In size and scope, there is almost
nothing in history to rival the economic
stimulus legislation that Obama
shepherded through Congress in just over
three weeks. And the result — produced
largely without Republican participation
— was remarkably similar to the terms
Obama's team outlined even before he was
inaugurated: a package of tax cuts and
spending totaling about $775 billion.
As Obama urged passage of the plan, he
and his still-incomplete team
demonstrated a single-mindedness that
was familiar from the campaign trail.
That intensity may have contributed to
missteps in other areas, as the
president's White House stumbled
repeatedly in the vetting of his Cabinet
and staff nominees. And high-minded
promises of bipartisanship evaporated as
Republicans accused the president and
his Democratic allies in Congress of the
same heavy-handed tactics that Obama, in
his campaign, had often demanded be
changed.
But even before the plan passed the
Senate last night, the president's top
advisers were crowing. "We've been in
office, what, 2 1/2 , three weeks? We've
passed the most major sweeping
comprehensive legislation as relates to
economic activity ever in a three-week
period of time," White House Chief of
Staff Rahm Emanuel said Thursday evening
in the West Wing.
House Speaker Nancy Pelosi (D-Calif.)
credited Obama's leadership on the
legislation yesterday, saying, "The
American people know, and historians are
judging, that this is one remarkable
president."
Certain that he had succeeded in his
goal, Obama left Washington before the
Senate vote was completed, returning
home to Chicago last night for the first
time since becoming president.
The feat compares only with President
Franklin D. Roosevelt's banking system
overhaul in 1933, which cleared Congress
within days of his inauguration.
For Obama, though, the costs of that
rapid pace may be his relationship with
Republicans, who derided the bill as the
wrong prescription for a national
economy that has appeared for months to
be on the verge of collapse.
House Minority Leader John A. Boehner
(Ohio) described the stimulus package as
a "billion-dollar-a-page" spending plan
and accused Democrats of not wanting
people to read it "because they might
actually find out what's in it. And in
the days and weeks and months to come,
we'll know how this money will be
spent."
Obama aides had predicted several weeks
ago that Republican lawmakers from
states such as Michigan, Florida and
California, where many communities are
struggling, would feel compelled to vote
for the bill's final passage because of
the impact it promised for their
constituents. Instead, opposition to the
plan only increased over that time.
"This was not an easy vote for me. I had
to dig down deep," said Rep. Candice S.
Miller (R-Mich.). Her conclusion:
"Michigan, we are getting railroaded."
Long before the end of the 100 days
that, since FDR's feat, have been used
to measure the opening act of a
presidency, Obama and his allies who
control Congress can point to a major
legislative victory earlier than most
new administrations.
At about this point in Bill Clinton's
administration, the president and his
new team were putting the final touches
on an economic plan that had yet to be
publicly announced.
That economic plan ultimately passed in
August, giving the young president a
victory. But his $19 billion stimulus
plan — one-fortieth of the current
legislation — was too controversial to
survive the partisan battles.
By the end of three weeks, Clinton had
named an envoy to Bosnia and announced
rules to limit corporate tax deductions
for executive pay. And he had announced
a plan to save $35 billion in Medicare
costs by cutting payments to hospitals
and raising premiums for the wealthier
elderly. He railed at the cost of
prescription drugs. But none of those
issues was resolved within that time.
President George W. Bush was similarly
without a major achievement by the week
of Feb. 8, 2001, three weeks after his
inauguration.
Bush had begun selling his $1.6 trillion
plan to cut taxes, and he had announced
a plan for a big investment in new
weaponry for the military. He was
preparing for his first international
trip, to Mexico, and gave a speech to
military units warning against "overdeployment."

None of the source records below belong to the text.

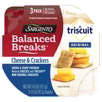 Sargento, Balanced Breaks, Cheese & Crackers, Gouda & Sharp Cheddar Cheeses/Triscuit Mini Original Crackers, 3 Pack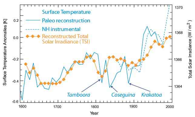 The following graph compares Solar Irradiance in relationship to changes in Earth's Surface Temperature. From this graph, you can further see that there are three major dips in surface temperature between 1800 and about 1920 that do not track with the solar irradiance. Note that these three cooling periods are the direct influence from volcanic eruptions during the same periods. We will discuss the cooling affects from volcanic eruptions in detail later in this material.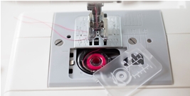 Simply drop your bobbin in the machine, pull your threads through the slot and let your machine do the rest.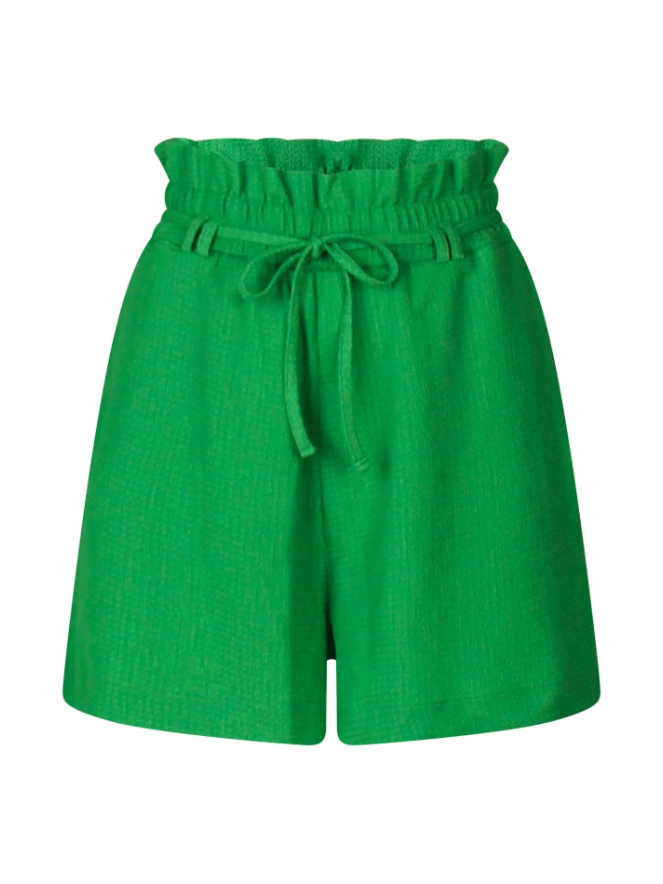 Deze short heeft een elastische tailleband met een strikceintuur. Boven de tailleband zit een ruche rand.
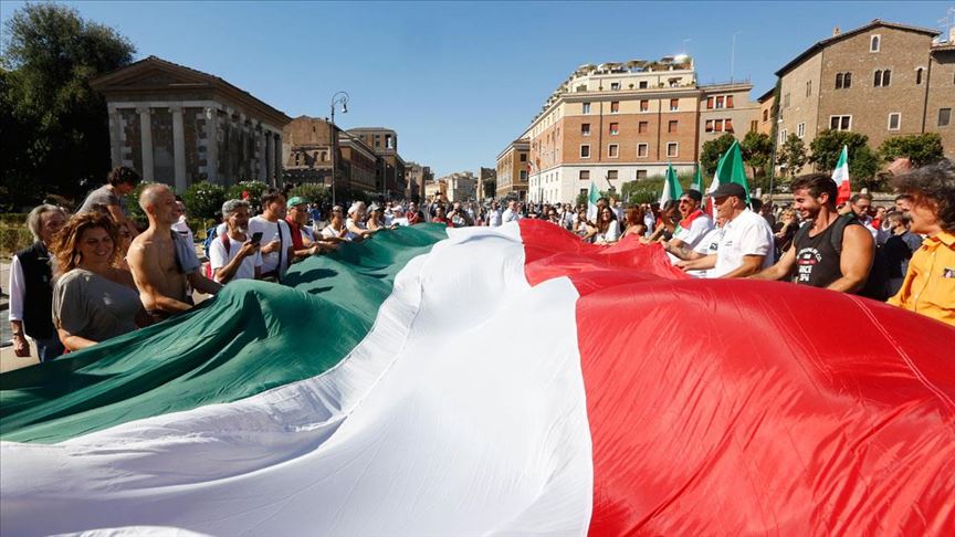 Başkent Roma'nın Bocca della Verita Meydanı'nda toplanan ve kendilerini "İnkarcılar" olarak adlandıran, aşırı sağ grupların da dahil olduğu yaklaşık 2 bin kişi, "Sağlık diktatörlüğüne karşıyız" adıyla Kovid-19'a yönelik önlemleri protesto etti.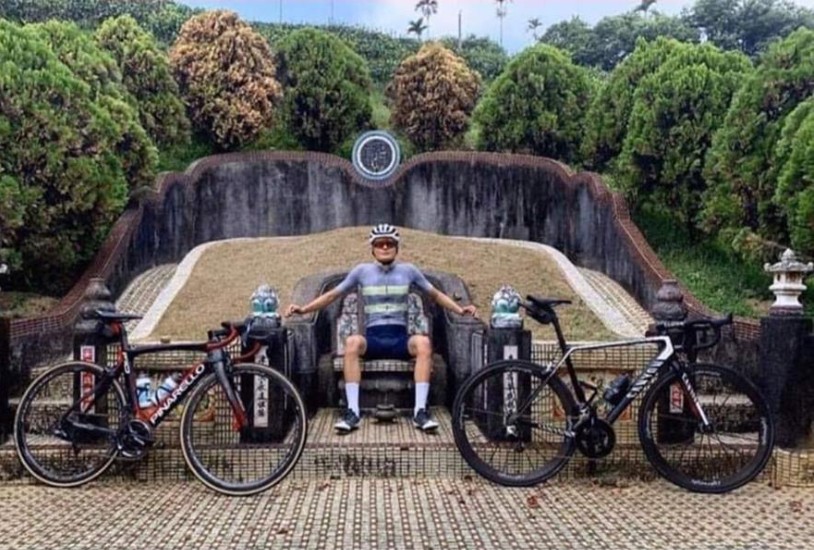 ▼從原po分享的照片可以看到,這名外國人身穿完整的自行車裝備,直接一屁股坐在墳墓前的供桌上,豪邁的張開雙腿、兩手放在墓碑的兩側,雙腳中間的香爐還插著香,兩旁還各停了一輛自行車當做裝飾,看來他似乎把這個墓當成了是拍照的景點!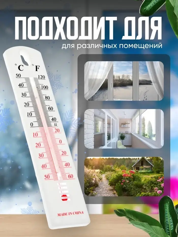Термометр предназначен для определения температуры воздуха снаружи помещения. Прибор отображает температуру по шкале Цельсия и по Фаренгейту. Жидкость в столбике термометра представляет собой подкрашенный спирт, что делает изделие безопасным в эксплуатации.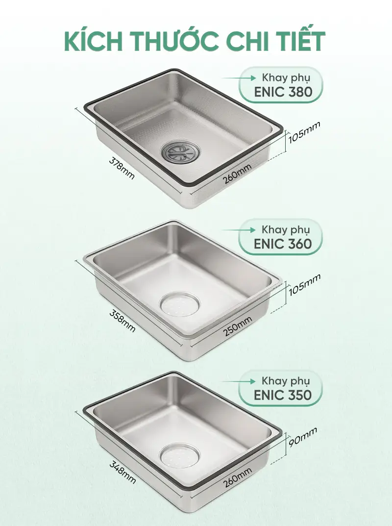 Khay phụ Enic là sự bổ sung tinh tế, biến chiếc bồn rửa chén thông thường thành trạm sơ chế đa năng, mang lại sự thuận tiện tối đa cho người nội trợ.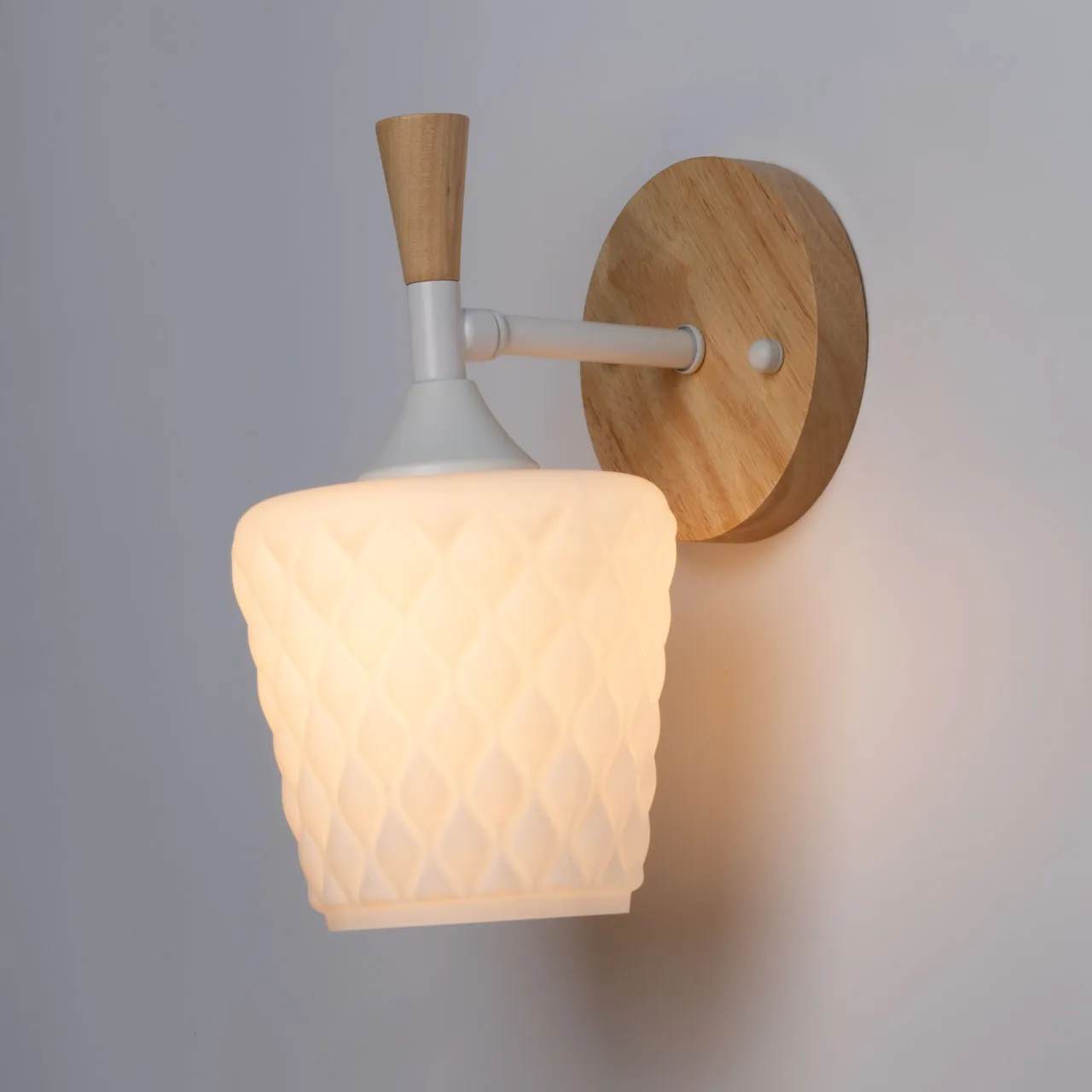 Основание/ металл/ белый Плафон/ стекло/ белое Декор/ дерево/ натуральное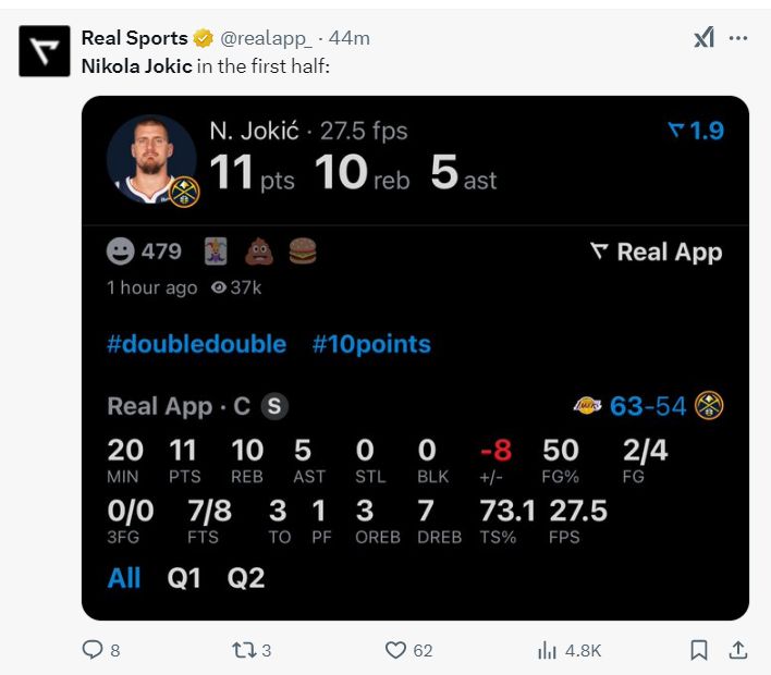 第三节约基奇还是串联全队,打了11分钟没有得分,但送出了5次助攻,这5次助攻后约基奇已经帮助他完成三双,三节打完约基奇12分11篮板10助攻1抢断,真实命中率63.8%。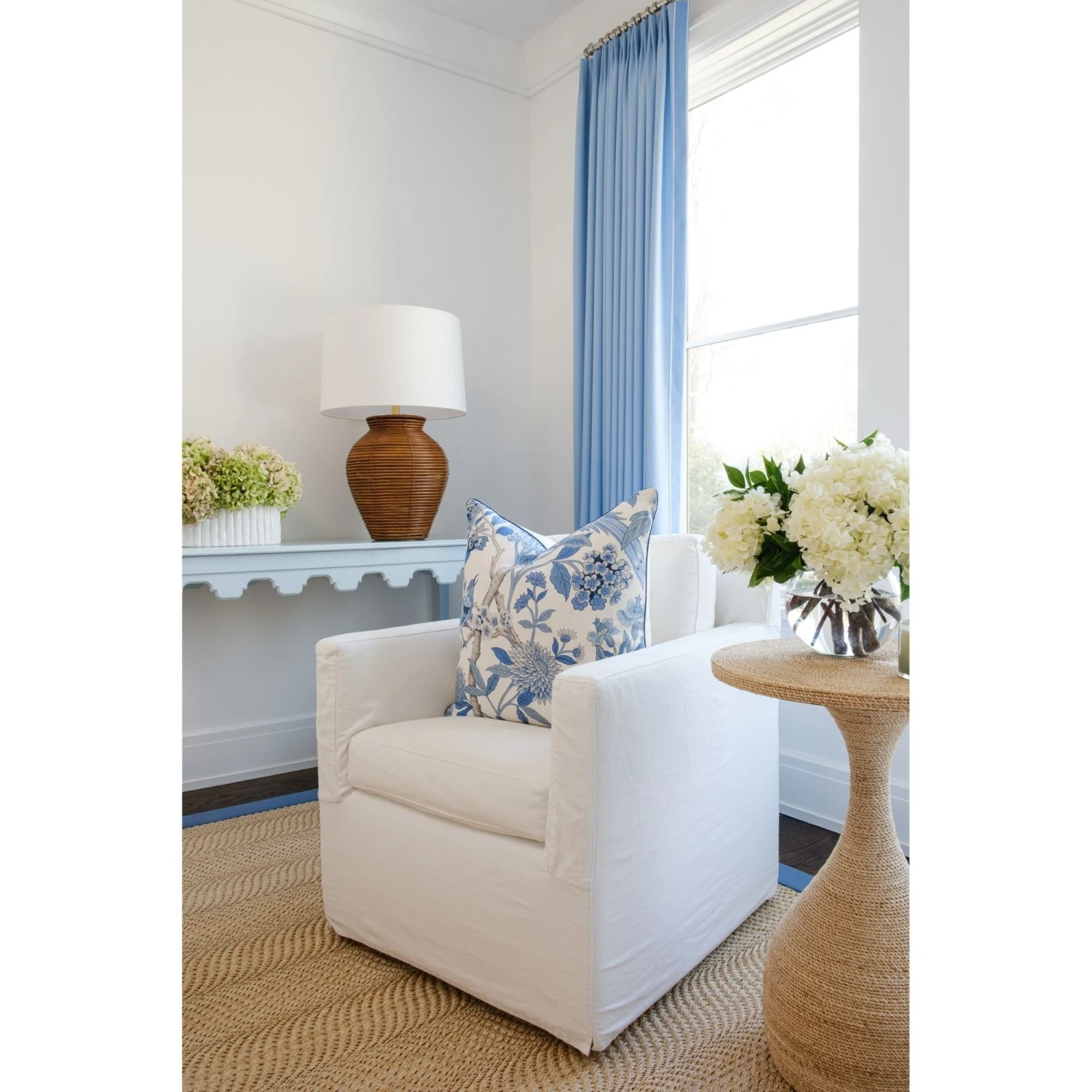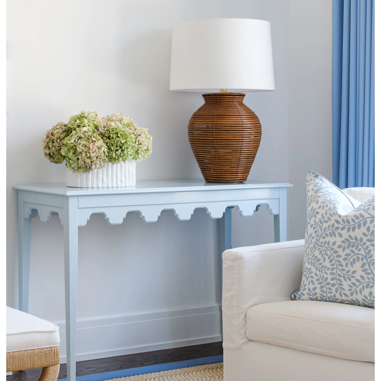 Make a statement with our striking Kapalua Table Lamp. The large scale natural rattan base pairs with a white Belgian linen shade to bring an overall softness and organic feel to the piece, adding a touch of the islands to any interior.

Unlike Obama, by this point Bush had not
yet held a prime-time news conference.
Like Obama, Bush made an early gesture
to encourage bipartisanship: inviting
members of the Kennedy family to the
White House to see the movie "Thirteen
Days."
Bush's efforts at bipartisanship largely
failed, but not until after he had
launched a war in Iraq and pursued
controversial efforts to expand the
power of the executive branch.
Obama may yet find that his early
legislative success amounts to little in
a country where the public has a
famously short attention span. And other
issues will soon intrude on a White
House that has largely tried to postpone
foreign policy concerns and other
domestic issues.
Obama moved quickly to announce the
closure of the prison facility at
Guantanamo Bay, Cuba, but he said it
would take a year to study how to make
it happen. On issues ranging from
Pakistan and Afghanistan to the war in
Iraq, he has ordered commissions or
study groups to make recommendations.
And thus far, he has taken a pass on
other hot-button domestic issues: He has
not succumbed to pressure to take quick
action on stem cell research or new
unionizing rules, for example.
Obama aides dismiss such points, saying
that the deepening economic crisis
required the president to focus all of
his attention on the stimulus package
first.
Emanuel, who served as a senior adviser
in Clinton's administration, said,
"Having been in two separate White
Houses, within our third week, given our
set of accomplishments — well, measure
them up."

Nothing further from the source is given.